Personal information
- Born: August 16, 1996 (age 29) Chicago, Illinois, U.S.
- Listed height: 6 ft 1 in (1.85 m)
- Listed weight: 230 lb (104 kg)

Career information
- High school: Crete-Monee (Crete, IL)
- College: Notre Dame (2014–2017)
- NFL draft: 2018 (undrafted)

Career history
- 2018: Chicago Bears*
- 2018: Tennessee Titans*
- 2019: Arizona Hotshots
- 2020: Seattle Sea Dragons
- 2021–2025: Edmonton Elks
- 2026–present: Ottawa Redblacks
- * Offseason or practice squad member only
- Stats at CFL.ca

= Nyles Morgan =

American football player (born 1996)

Nyles Thomas Morgan (born August 16, 1996) is an American professional football linebacker for the Ottawa Redblacks of the Canadian Football League (CFL). He played college football for the Notre Dame Fighting Irish. He has also been a member of the Tennessee Titans and Chicago Bears of the National Football League (NFL), the Arizona Hotshots of the Alliance of American Football (AAF), the Seattle Sea Dragons of the XFL, and the Edmonton Elks of the CFL.

==Early life==
Morgan played high school football at Crete-Monee High School in Crete, Illinois. He recorded 107 tackles, four sacks, two interceptions, three forced fumbles and two fumble recoveries in 2012. In 2013, he totaled 115 tackles, four sacks, two forced fumbles and one interception (which was returned for a touchdown), earning first team USA Today All-American honors. He also played in the U.S. Army All-American bowl.

==College career==
Morgan played college football at Notre Dame from 2014 to 2017. He played in 12 games starting four, in 2014, totaling 47 tackles, half a sack, and one pass breakup, garnering freshman All-American recognition. He appeared in 13 games in 2015 and made 17 tackles. Morgan started 12 games in 2016, accumulating 94 tackles, four sacks, two pass breakups and one fumble recovery. He played in 12 games in 2017, recording 91 tackles and 1.5 sacks.
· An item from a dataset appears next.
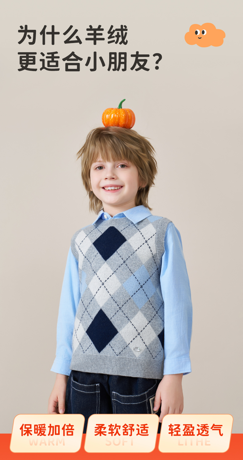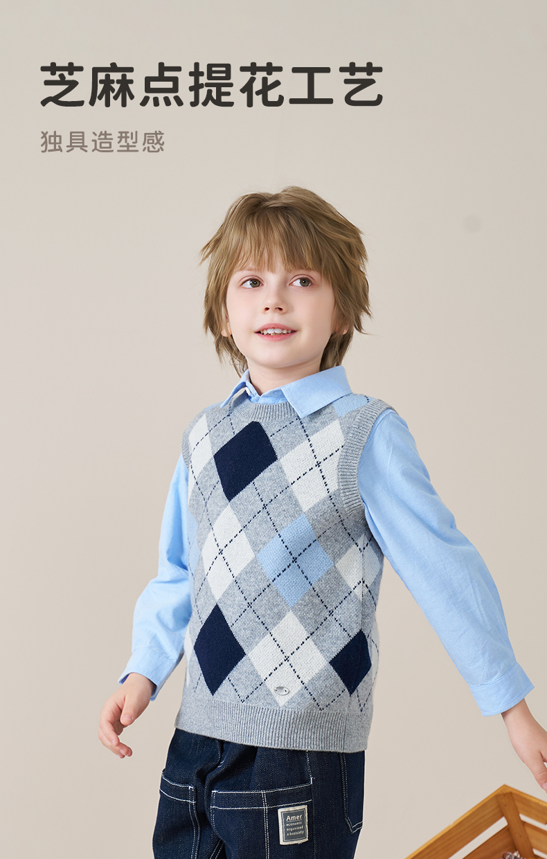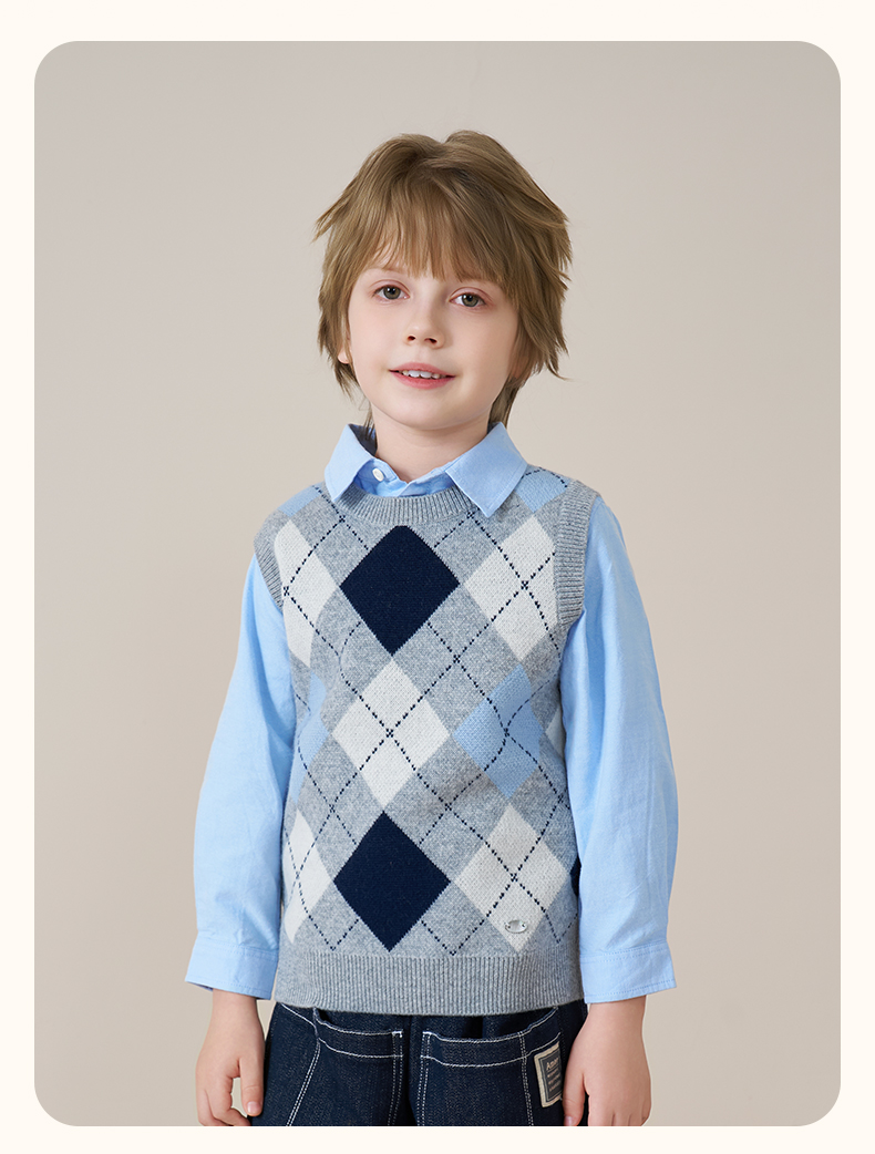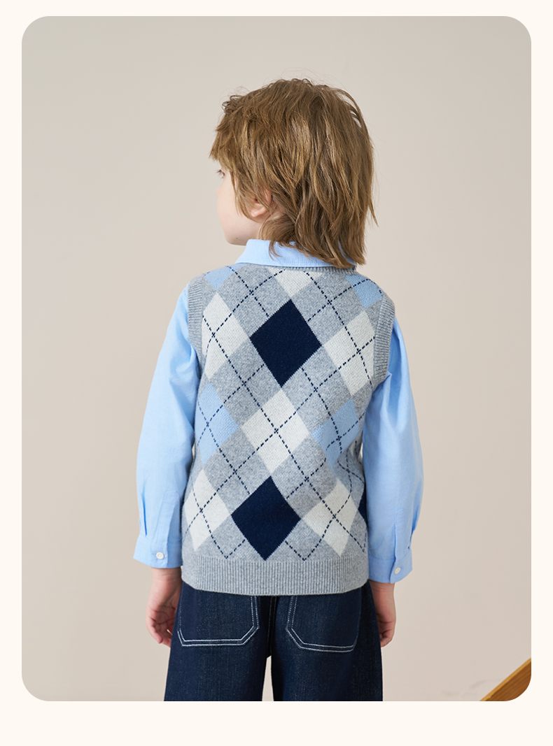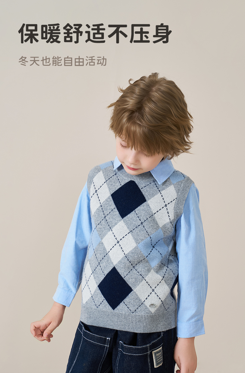 mettekids儿童100%羊绒衫2025秋冬款格纹毛衣马甲学院风男童背心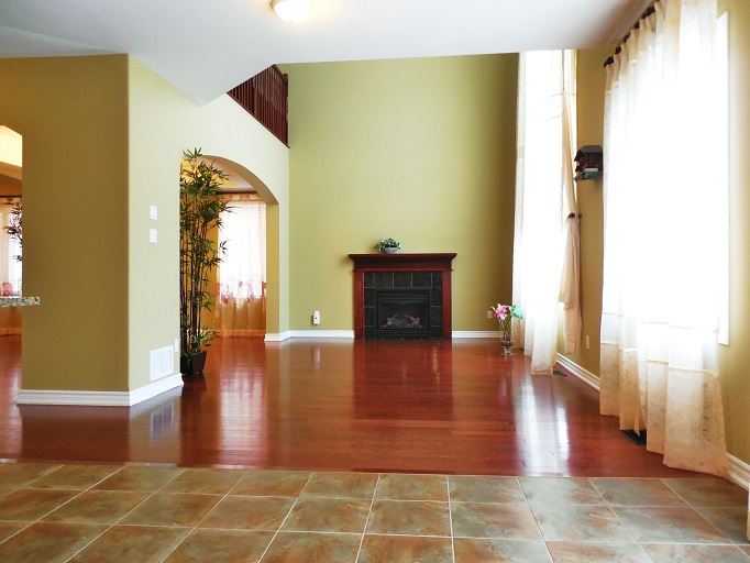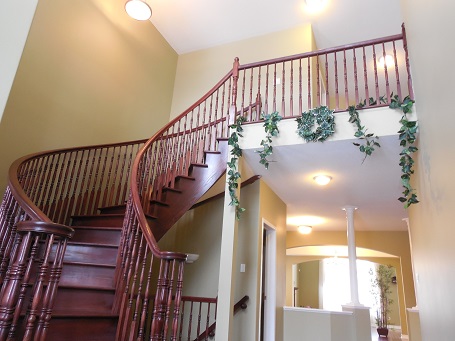 18英尺高的FAMILY ROOM,超高大圆拱窗, 沟通2楼的LOFT 和过道。

He was also a team captain in 2017, but was stripped of his captaincy for the 2018 Citrus Bowl due to an "internal team matter".

==Professional career==

Pre-draft measurables
| Height | Weight | Arm length | Hand span | Wingspan | 40-yard dash | 10-yard split | 20-yard split | 20-yard shuttle | Three-cone drill | Vertical jump | Broad jump |
| 6 ft 0+7⁄8 in (1.85 m) | 230 lb (104 kg) | 33 in (0.84 m) | 9+1⁄4 in (0.23 m) | 6 ft 8+1⁄4 in (2.04 m) | 4.76 s | 1.63 s | 2.76 s | 4.38 s | 7.21 s | 32.0 in (0.81 m) | 9 ft 6 in (2.90 m) |
All values from Pro Day

===Chicago Bears===
Morgan signed with the Chicago Bears of the National Football League (NFL) on May 11, 2018 after going undrafted in the 2018 NFL draft. He was released on May 14, 2018.

===Tennessee Titans===
Morgan was signed by the Tennessee Titans of the NFL on August 21, 2018. He was released on September 1, 2018.

===Arizona Hotshots===
Morgan played in eight games, starting three, for the Arizona Hotshots of the Alliance of American Football (AAF) in 2019, recording 58 tackles and one forced fumble.

===Seattle Sea Dragons===
Morgan appeared in five games for the Seattle Sea Dragons of the XFL in 2020, totaling 18 tackles and half of a sack.

===Edmonton Elks===
Morgan signed with the Edmonton Elks of the Canadian Football League (CFL) on July 1, 2021. He was placed on injured reserve on November 4, and activated from injured reserve on November 12, 2021. Overall, he dressed in 13 games, all starts, for the Elks in 2021, accumulating 66 tackles on defense, six special teams tackles, one sack and one forced fumble.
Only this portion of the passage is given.